Grokking in the Wild: Data Augmentation for Real-World Multi-Hop Reasoning with Transformers

Published: 01 May 2025, Last Modified: 18 Jun 2025ICML 2025 posterEveryoneRevisionsBibTeXCC BY 4.0
TL;DR: We extend grokking to real-world factual reasoning by augmenting knowledge graphs with synthetic data, enabling near-perfect multi-hop reasoning performance.
Abstract: Transformers have achieved great success in numerous NLP tasks but continue to exhibit notable gaps in multi-step factual reasoning, especially when real-world knowledge is sparse. Recent advances in grokking have demonstrated that neural networks can transition from memorizing to perfectly generalizing once they detect underlying logical patterns -- yet these studies have primarily used small, synthetic tasks. In this paper, for the first time, we extend grokking to real-world factual data and address the challenge of dataset sparsity by augmenting existing knowledge graphs with carefully designed synthetic data to raise the ratio $\phi_r$ of inferred facts to atomic facts above the threshold required for grokking. Surprisingly, we find that even factually incorrect synthetic data can strengthen emergent reasoning circuits rather than degrade accuracy, as it forces the model to rely on relational structure rather than memorization. When evaluated on multi-hop reasoning benchmarks, our approach achieves up to 95--100\% accuracy on 2WikiMultiHopQA -- substantially improving over strong baselines and matching or exceeding current state-of-the-art results. We further provide an in-depth analysis of how increasing $\phi_r$ drives the formation of generalizing circuits inside Transformers. Our findings suggest that grokking-based data augmentation can unlock implicit multi-hop reasoning capabilities, opening the door to more robust and interpretable factual reasoning in large-scale language models.

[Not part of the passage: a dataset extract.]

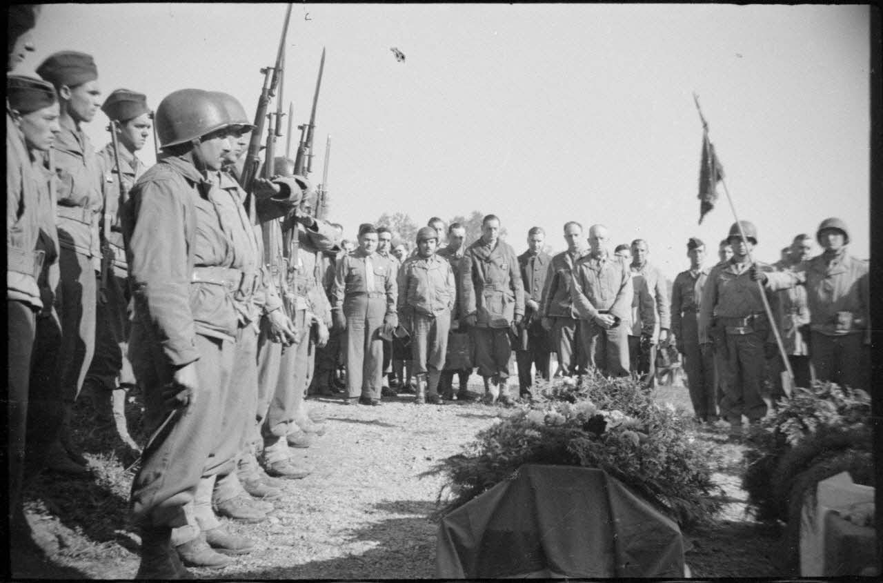 Lors des obsèques de deux officiers français de la 1re Armée française morts au champ d'honneur, un dernier hommage est rendu aux victimes par l'aumônier, un commandant et les hommes de l'unité, vraisemblablement un escadron de chasseurs d'Afrique. L'un des défunts serait le colonel Desazars de Montgailhard, chef de corps du 5e régiment de chasseurs d'Afrique (5e RCA) en 1943-1944 (1). Les familles endeuillées assistent également aux funérailles.

Lay Summary: Many real-world questions require linking facts across multiple sources, like determining a person’s birth year by first identifying their spouse and then tracing their birth date. Current AI models struggle with this because they tend to memorize isolated facts without understanding how they connect. We tackled this by adding synthetic links to the training data of language models. These artificial connections aren’t always factual, but they force the models to focus on linking facts instead of just memorizing them. Surprisingly, the "fake" connections don’t harm the models; instead, they push them to develop their own reasoning pathways. Our experiments showed that this approach helps AI models go beyond memorization, enabling them to answer complex, multi-step questions with impressive accuracy. This could lead to more powerful and trustworthy AI systems in many different fields.
Primary Area: Deep Learning->Large Language Models
Keywords: multi-hop reasoning, transformers, grokking, knowledge graphs, data synthesis, generalization circuits, factual reasoning, NLP, synthetic data augmentation.